Would you be able to answer Task a for other linear combinations of \(\uvec{v}_1,\uvec{v}_2,\uvec{v}_3\text{?}\)

(c)

Describe the pattern: in order to be able to compute every output of a linear transformation, the only output information required is .

Discovery 42.5.

Suppose \(\funcdef{T}{\R^3}{\R^3}\) is a linear transformation such that

\begin{align*} T(\uvec{e}_1) \amp = \left[\begin{array}{r} 2 \\ -3 \\ 5 \end{array}\right] \text{,} \amp T(\uvec{e}_2) \amp = \left[\begin{array}{r} -7 \\ 11 \\ 13 \end{array}\right] \text{,} \amp T(\uvec{e}_3) \amp = \left[\begin{array}{r} 17 \\ 19 \\ -23 \end{array}\right] \text{.} \end{align*}
(a)

Do you know any other linear transformation \(\R^3 \to \R^3\) that has the same outputs for the standard basis vectors as inputs?

Hint

Look back at Discovery 42.1.c.

(c)

Describe the pattern: every linear transformation \(\R^n \to \R^m\) is effectively .

Discovery 42.6.
(a)

Suppose \(\funcdef{T}{\R^n}{\R^1}\) is a linear transformation. What size of matrix would represent this linear transformation?

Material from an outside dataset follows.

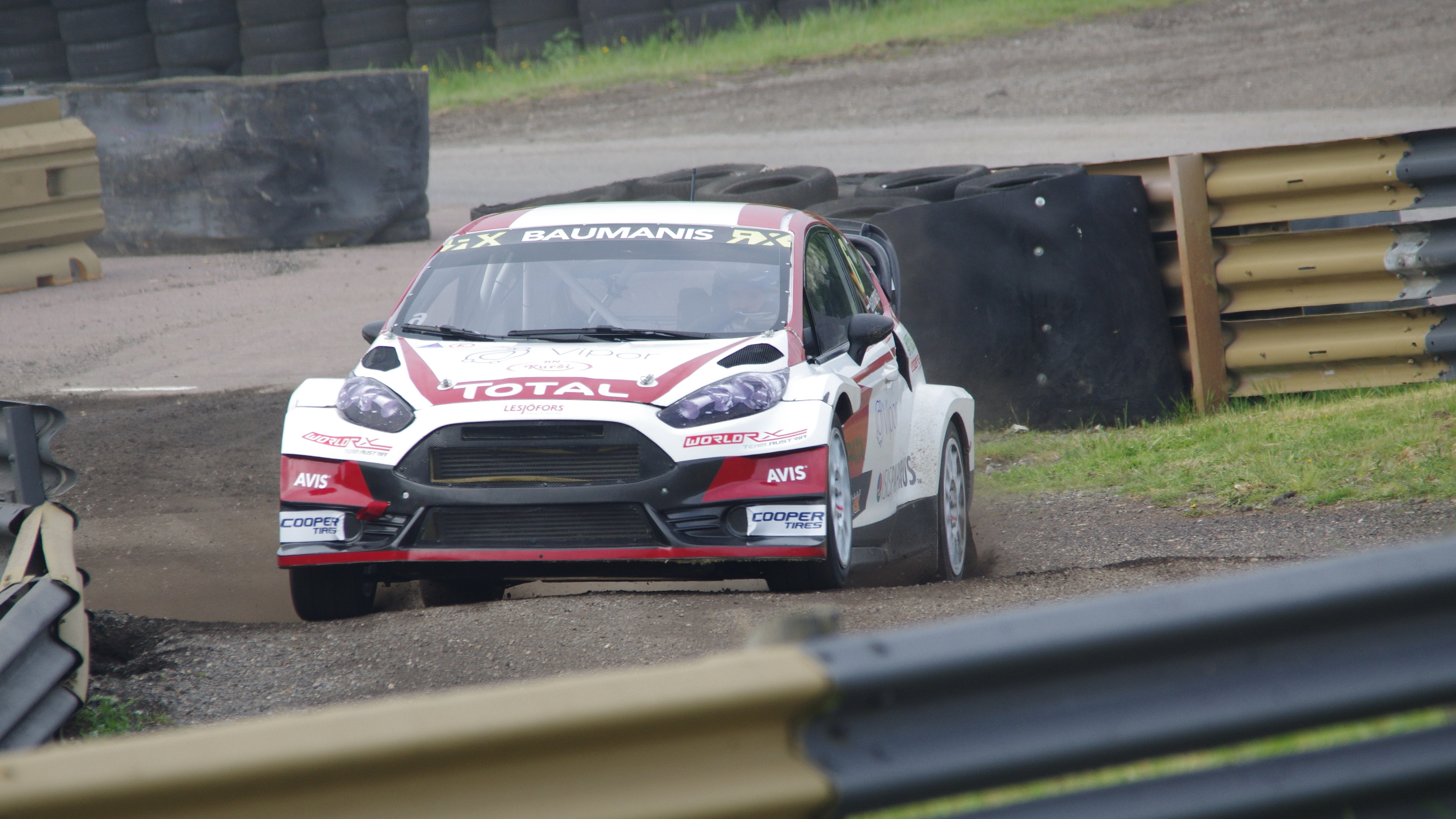 Exit from the joker lap

What word would we normally use to describe a matrix of those dimensions, instead of “matrix”?

(b)

Describe the pattern: every linear transformation \(\R^n \to \R^1\) corresponds to a .

Discovery 42.7.

For vector spaces \(V,W\text{,}\) let \(L(V,W)\) represent the collection of all linear transformations \(V \to W\text{.}\)

(a)

How could transformations in \(L(V,W)\) be added?

That is, if \(\funcdef{T_1,T_2}{V}{W}\) are objects in \(L(V,W)\text{,}\) what transformation should \(T_1 + T_2\) represent?

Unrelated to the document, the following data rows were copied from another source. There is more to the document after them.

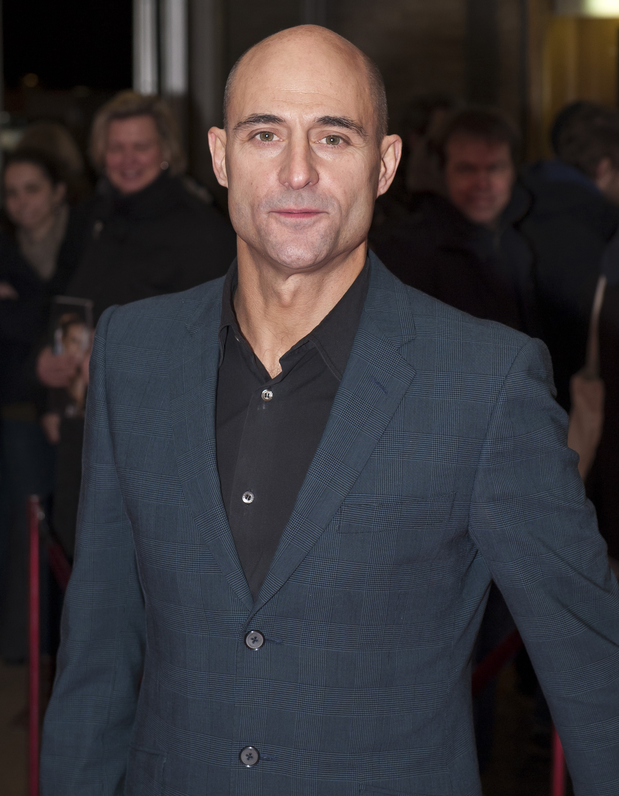 English actor Mark Strong attending the premiere of "The Guard" at the cinema "International", Berlin, Berlinale 2011
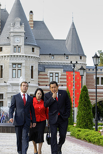 BARVIKHA, MOSCOW REGION. With President of Venezuela Hugo Chavez.
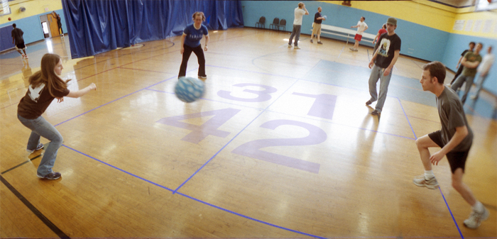 This is a graphical representation of a four square court. Notice how the highest square (number four) is diagonally acrossed from the lowest square (number one).
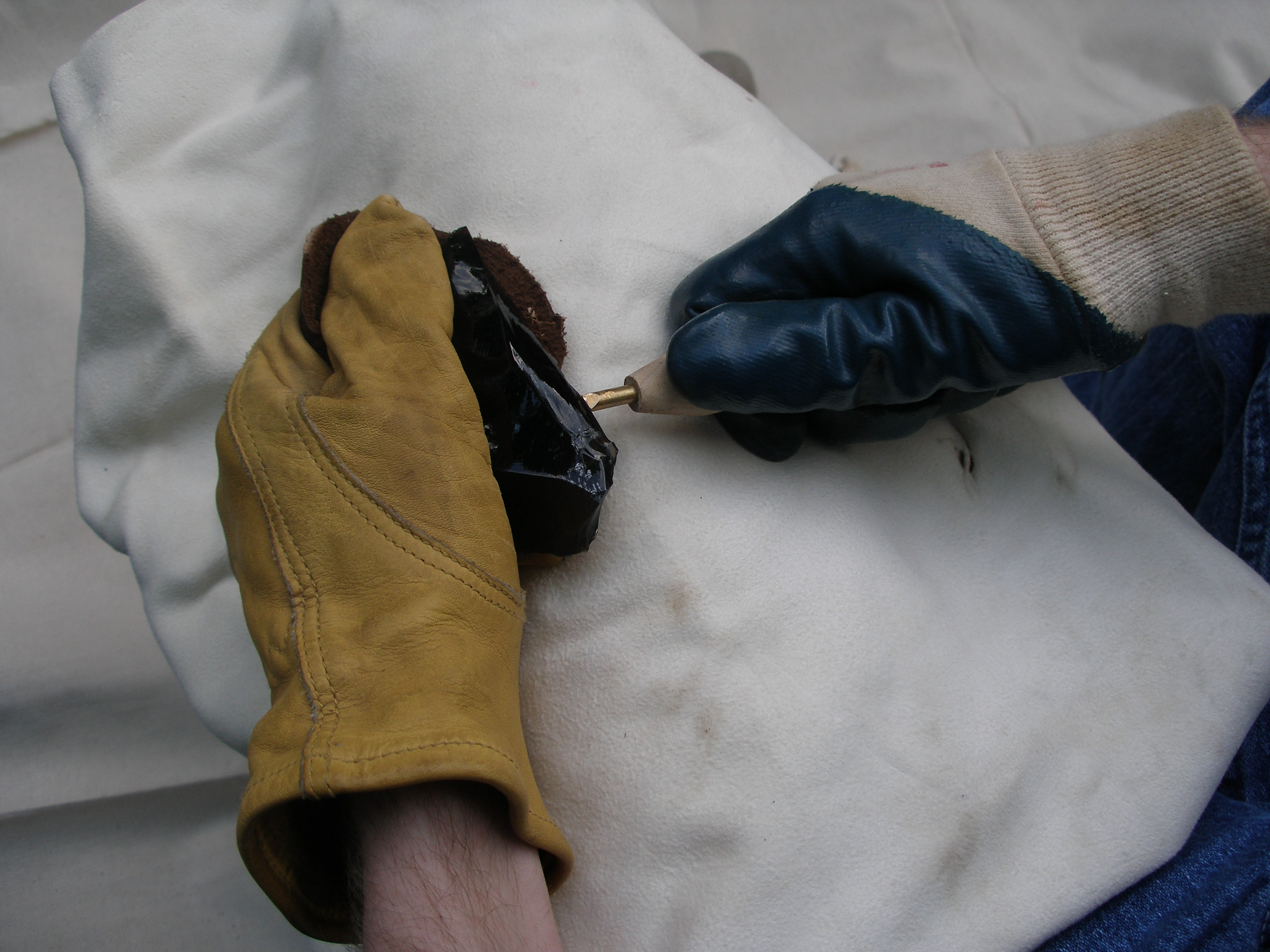 An example of pressure flaking used in flintknapping. ZenTrowel
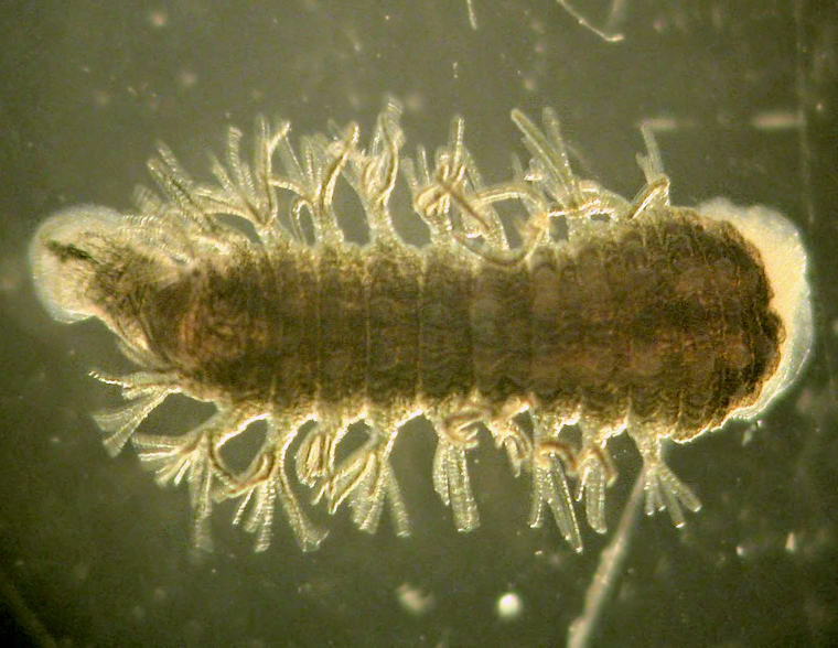 Stereoscopic micrograph of Ozobranchus jantseanus (dorsal view).
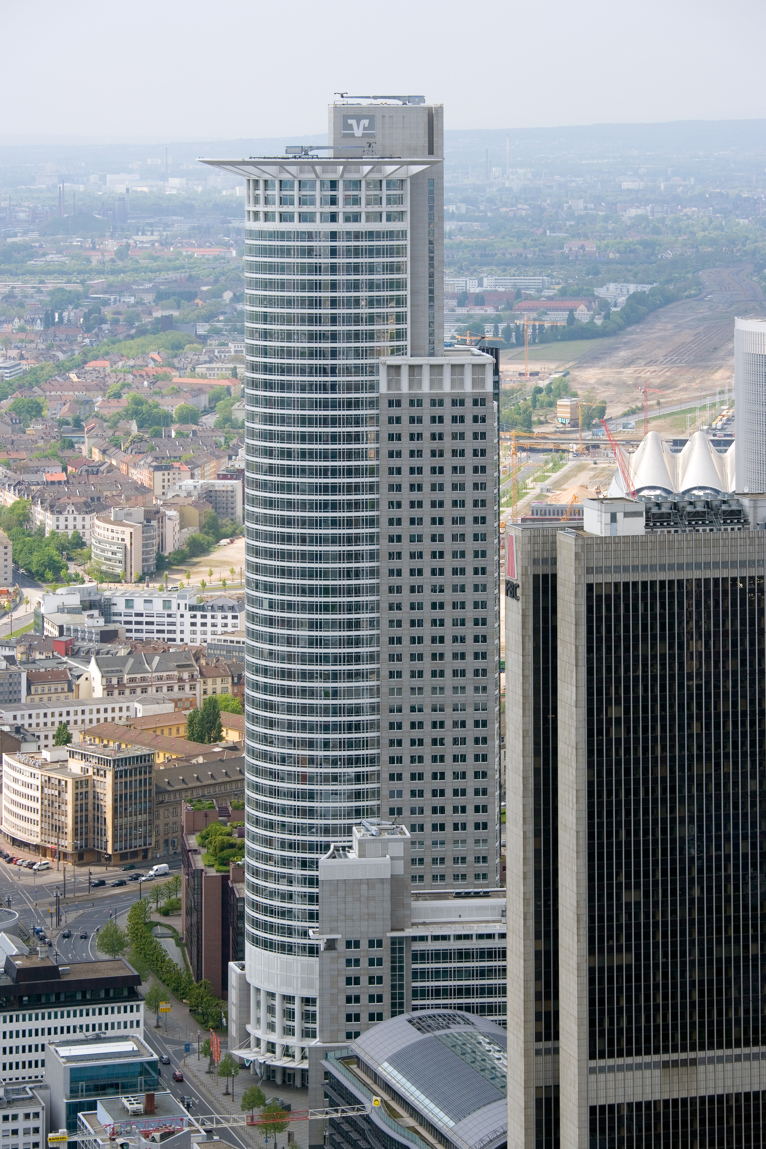 Frankfurt on the Main: Westend Tower as seen from the Maintower

\begin{equation*} (T_1 + T_2)(\uvec{v}) = \underline{\hspace{9.090909090909092em}} \end{equation*}

Is the sum transformation \(T_1 + T_2\) still in \(L(V,W)\text{?}\) (i.e. Is it still linear?)

(b)

How could transformations in \(L(V,W)\) be scalar multiplied?

That is, if \(\funcdef{T}{V}{W}\) is an object in \(L(V,W)\text{,}\) what transformation should \(k T\) represent for scalar \(k\text{?}\)

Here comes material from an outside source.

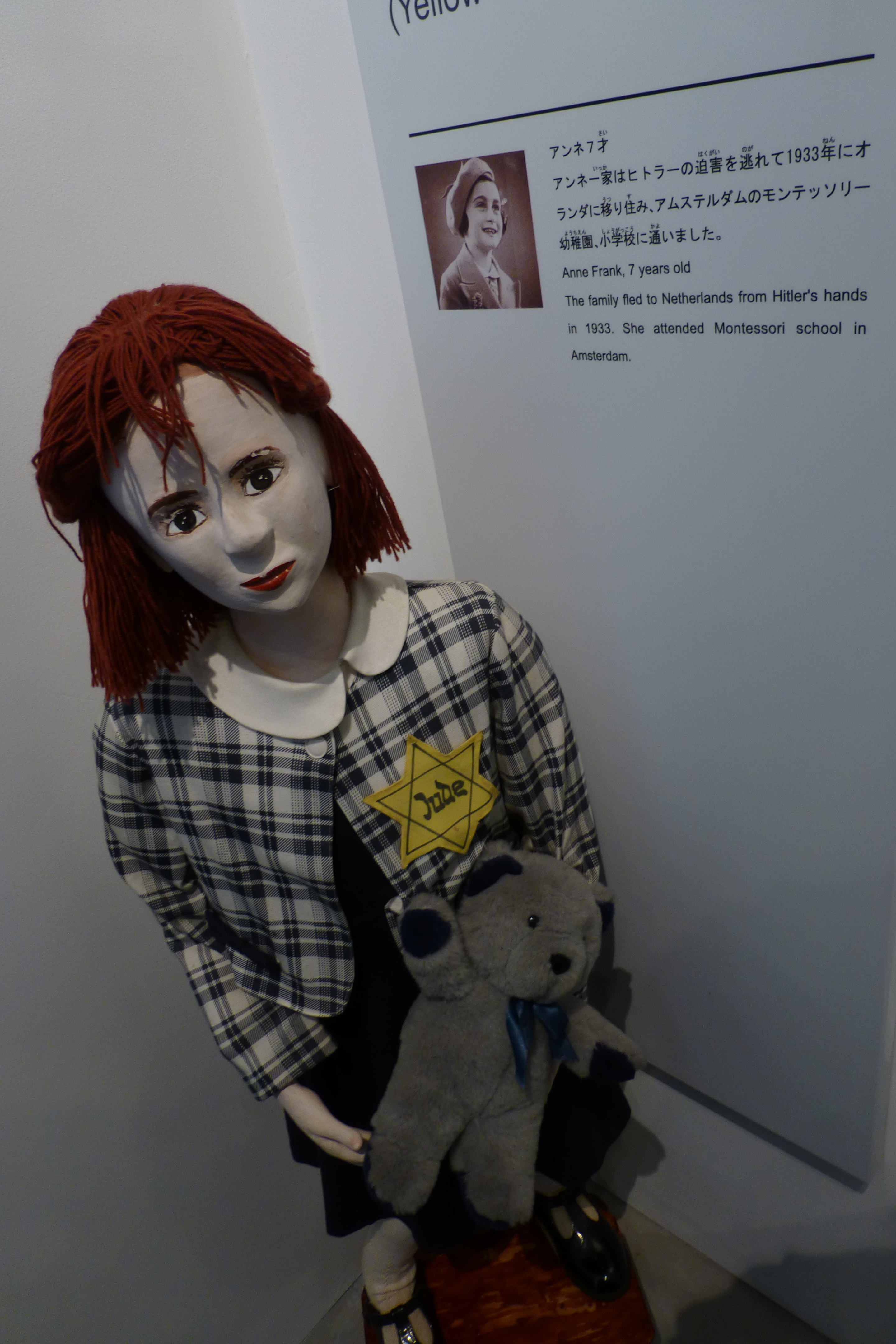 The Holocaust Education Center in Fukuyama, inaugurated on June 17, 1995, is dedicated to the memory of 1.5 million children who perished in the Holocaust. It has the distinction of being the first institution in Japan devoted to Holocaust education.

\begin{equation*} (k T)(\uvec{v}) = \underline{\hspace{9.090909090909092em}} \end{equation*}

Is the scaled transformation \(T\) still in \(L(V,W)\text{?}\) (i.e. Is it still linear?)

(c)

Is \(L(V,W)\) a vector space under the operations of addition and scalar multiplication of linear transformations?

That is, do your operations satisfy the ten Vector space axioms?